中津山高千穂は突掛け跳合う時中津山は機転に「ハタキ」しに高千穂は「ハヅンデ」来る途端なればあえなくも掛かりて両手を砂に付き中津の勝は大出来。
大達荒飛は左差に組み合う折から「カタスカセ」にて大達の勝。
出釈迦山手柄山は気合よく立上りて直ぐに「左四ツ」となりしが、出釈迦山は力に任せて尚も右を「コジ込み」前袋を引きながら遮に無に「寄り」て勝はあっぱれあっぱれ。
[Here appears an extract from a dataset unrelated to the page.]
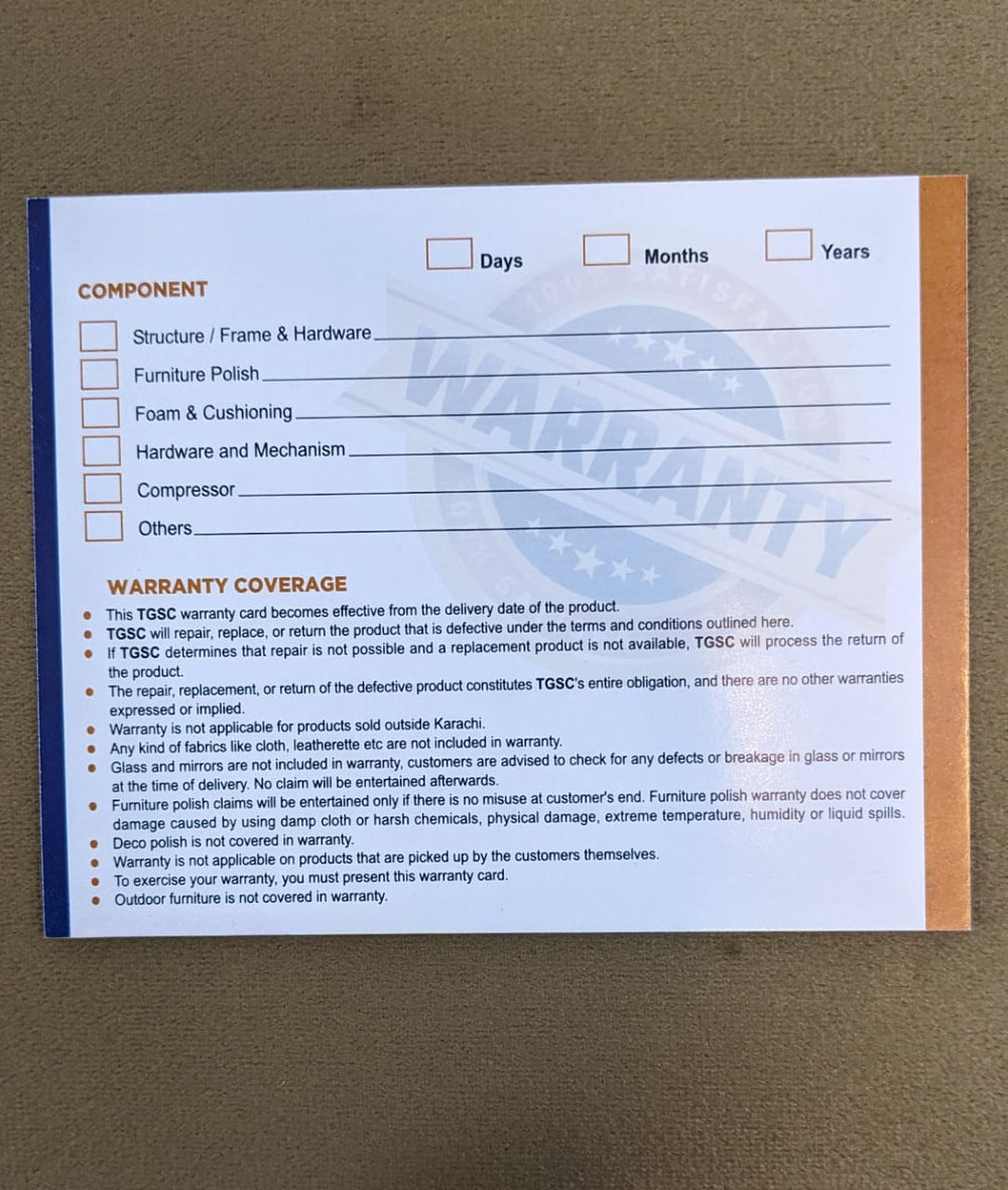 Enjoy 1-Year Structure & Foam Warranty – exclusively from TGSC (The Garage Sale Company)

浦風友綱(濱ノ音改め)は「相四ツ」にて最初は浦風が寄られてタヂタヂ後ずさりせしが、やがて土俵際にて「投」を打ちしに友綱の体見事に流れて浦風の勝は見事の手際にて、如何様同人が力量の回復は十分に見えたり。
井筒大鳴門は「鉄砲」にて「踏切り」大鳴門の勝。
楯山柏戸は、柏戸敵を「カタク」して万に一ツの勝を得んとの心算なるか、最初手強く突掛けて楯山を土俵より突落としたれば楯山は痛く腰の辺りを打ちし様子なりしは気の毒の事なりし、さても立上るや柏戸が突掛ける左手へ「泉川」を掛けて「極めん」とせしが十分ならざれば、引立て寄らんとして再び柏戸が突掛けるを楯山は力に任せて「はたき込」しに、柏戸楯山の股の間に平這いして楯山の勝となりしは最初の無法によき返報とて心地よく覚えぬ。
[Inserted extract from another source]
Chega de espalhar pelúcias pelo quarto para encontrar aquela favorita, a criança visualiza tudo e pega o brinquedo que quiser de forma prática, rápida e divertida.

・(中入後)九紋龍千羽ヶ嶽は、跳合い中九紋龍は潜りて敵の左足を取り、持ち出して勝ち、是れまた上出来。
常陸山鞆ノ平は念入りて立上りちょっと相撲となりしが「出し投げ」て鞆ノ平の勝。
武蔵潟上ヶ汐は両手を「殺し」合いて水となりしが、武蔵潟に痛ありて引分。
立田野剣山は持出して剣山の勝。
西ノ海関ノ戸は直ぐに「ヒネッテ」西ノ海の勝は呆気なし。伊勢ノ濱梅ヶ谷は押切りての勝は当然。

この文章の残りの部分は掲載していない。